Dean Alvian arrived at a pace that indicated he’d broken into something close to a run the moment he’d seen his son go down. Face flushed. Senior physicians flanking him, both trying to look neutral while clearly being neither. He reached Jake’s side, eyes skipping from his son to Darithi to the fleet to the man standing calmly beside the Rolls-Royce with his hands still in his pockets.
"’Before we get too far into introductions,’" the calm man said.
Alvian looked at him properly.
A beat.
Something in the man’s posture—the ease of it, the complete absence of urgency—stalled whatever Alvian had been building toward.
"’Cruxius Blac.’"
One of the subsidiary CEOs had already rushed forward, slightly out of breath, glasses slightly crooked—"Mr. Alvian, he’s the young master of—"
"I’m here about last night," Cruxius said, overriding the introduction without raising his voice. His gaze had moved—past Alvian, past Jake on the ground, past Jenny still standing with her hand to her cheek. It had landed on Seleyena.
Specifically.
Who was standing exactly where she’d been standing, hands in her coat, watching him with eyes that were doing rapid and precise assessment behind thin-rimmed glasses.
Her expression wasn’t the one he normally got when people heard his name. Not the awe, not the immediate performance of deference. It was—cooler. Skeptical.

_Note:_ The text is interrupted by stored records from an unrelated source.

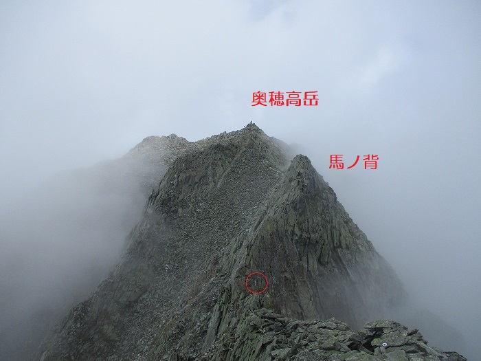 奥穂が見えてきました。手前に馬ノ背、それを登って下って、そして登って奥穂です。奥穂の頂上に人がいます。
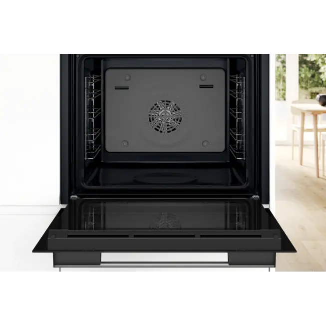 The built-in oven BOSCH HJA737BR0 stands out with its unique functionality and elegant design. Its 76-liter capacity is incredibly large for family and professional use. The oven offers 7 cooking modes, including conventional, grill, hot air, and pizza mode, which significantly increases usage versatility. It features EcoClean Direct and Hydrolytic self-cleaning programs, simplifying the cleaning process. The built-in halogen lighting ensures a detailed view of the interior space. The German Strix thermostat and safety glass guarantee full safety. The construction on the device's frame allows for instant and easy installation. High energy efficiency (A class), effective energy of 3,400 W, and a weight of 30.8 kg make this oven the perfect partner for modern kitchens.
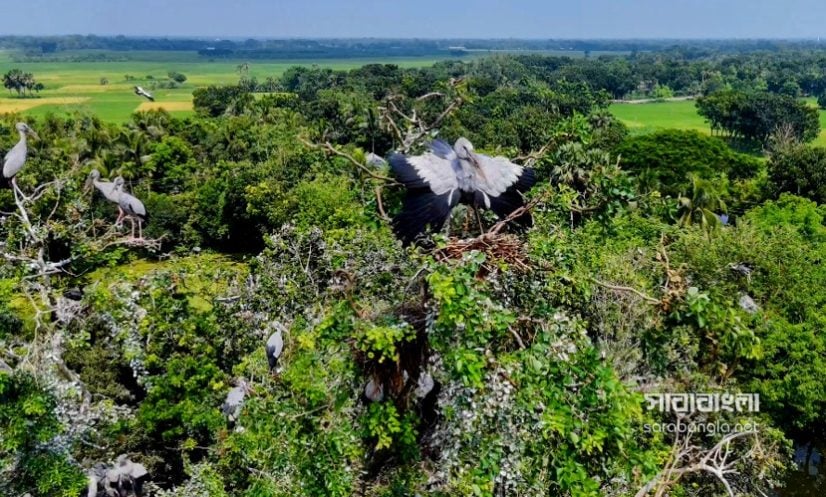 অতিথি পাখির আগমনে মুখর রাজবাড়ীর শিবরামপুর গ্রাম। ছবি: সারাবাংলা
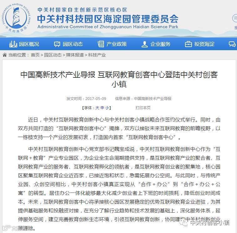 随后,中关村创客小镇举办了与互联网教育中心签约入驻的活动仪式,也得到了中关村海淀园管委会的关注,在官网首页推送了标题为“互联网教育创客中心登陆中关村创客小镇”的新闻。
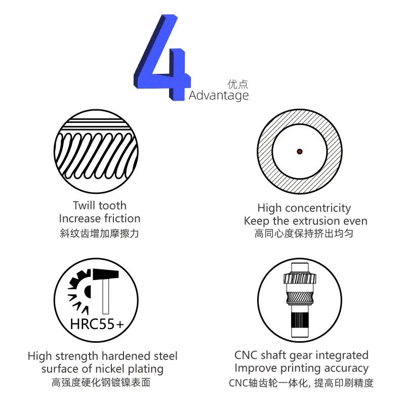 Innovative Gear Design: Made from hardened steel with a strength rating of 55, featuring high-precision CNC machined reduction gears for enduring long printing sessions without damage and enhancing extrusion accuracy.
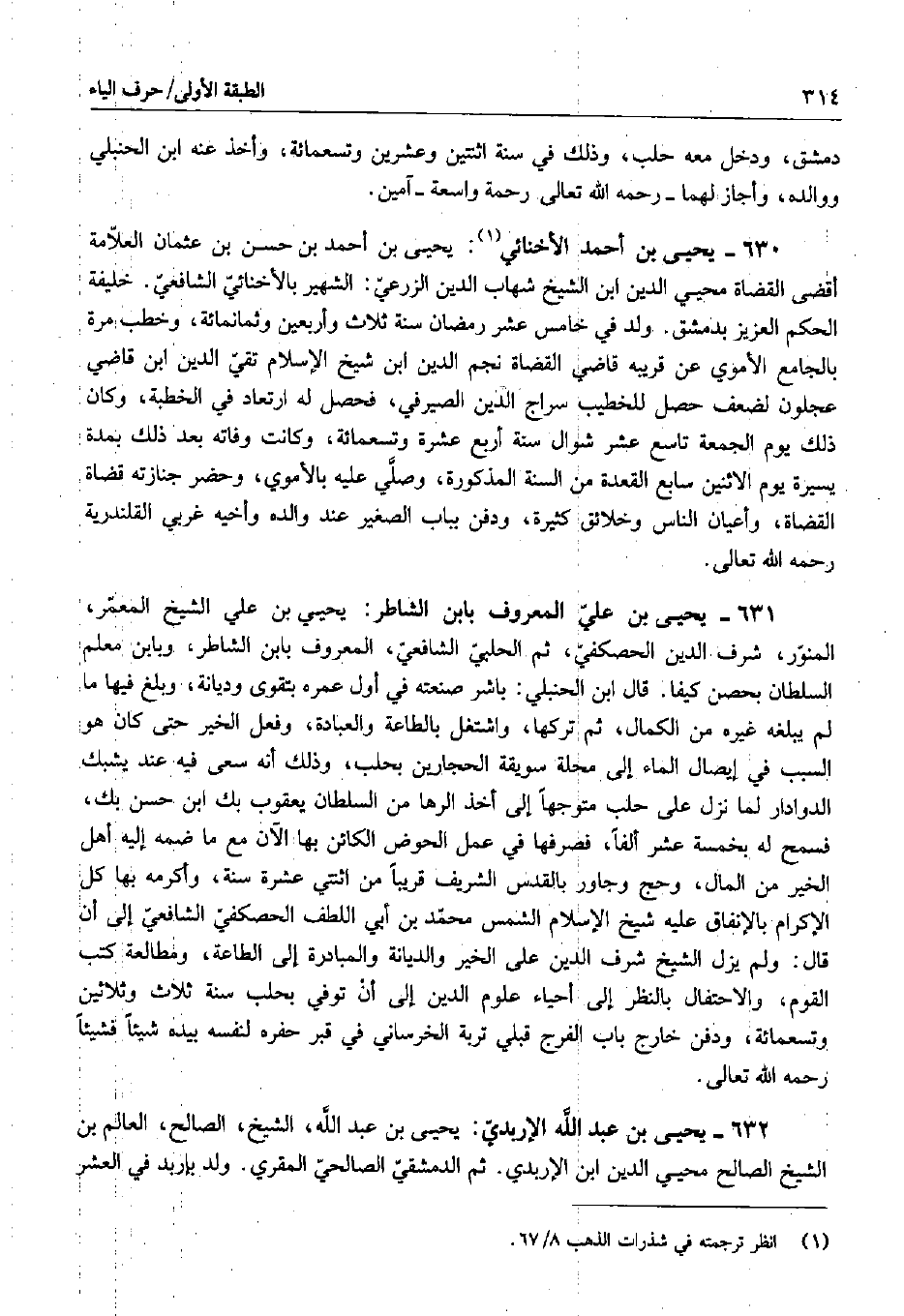 631 - يحيى بن علي المعروف بابن الشاطر: يحيي بن علي الشيخ المعمر، المنور، شرف الدين الحصكفي، ثم الحلبي الشافعي، المعروف بابن الشاطر، وبابن معلم سلطان بحصن كيفا. قال ابن الحنبلي: باشر صنعته في أول عمره بتقوى وديانة، ويلغ فيها ما لم يبلغه غيره من الكمال، ثم تركها، واشتغل بالطاعة والعبادة، وفعل الخير حتى كان هو السبب في إيصال الماء إلى محلة سويقة الحجارين بحلب، وذلك أنه سعى فيه عند يشبك الدوادار لما نزل على حلب متوجهاً إلى أخذ الرها من السلطان يعقوب بك ابن حسن بك، سمح له بخمسة عشر ألفاً، فصرفها في عمل الحوض الكائن بها الآن مع ما ضمه إليه أهل الخير من المال، وحج وجاور بالقدس الشريف قريباً من اثنتي عشرة سنة، وأكرمه بها كل الإكرام بالإنفاق عليه شيخ الإسلام الشمس محمد بن أبي اللطف الحصكفي الشافعي إلى أن قال: ولم يزل الشيخ شرف الدين على الخير والديانة والمبادرة إلى الطاعة، ومطالعة كتب القوم، والاحتفال بالنظر إلى أحياء علوم الدين إلى أن توفي بحلب سنة ثلاث وثلاثين وتسعمائة، ودفن خارج باب الفرج قبلي تربة الخرساني في قبر حفره لنفسه بيده شيئاً فشيئاً رحمه الله تعالى.

Like a person who’d already formed a working theory and was updating it in real time.
She knew something.
He’d expected that. What he hadn’t expected was the specific quality of her expression—not just skepticism but ’disapproval.’ Not of him arriving. Of what she thought he’d ’done.’
So she’d heard enough to form a verdict but maybe not enough for the full picture.
Good.
"Your son," Cruxius continued, gaze returning to Alvian with the calm of a man holding all his cards face-down, "spiked the drink of that young woman last night." He didn’t gesture toward Thalia. He didn’t need to—everyone’s eyes were already on her. "I’ll clarify also that the drug was an aphrodisiac. And it was in my drink as well."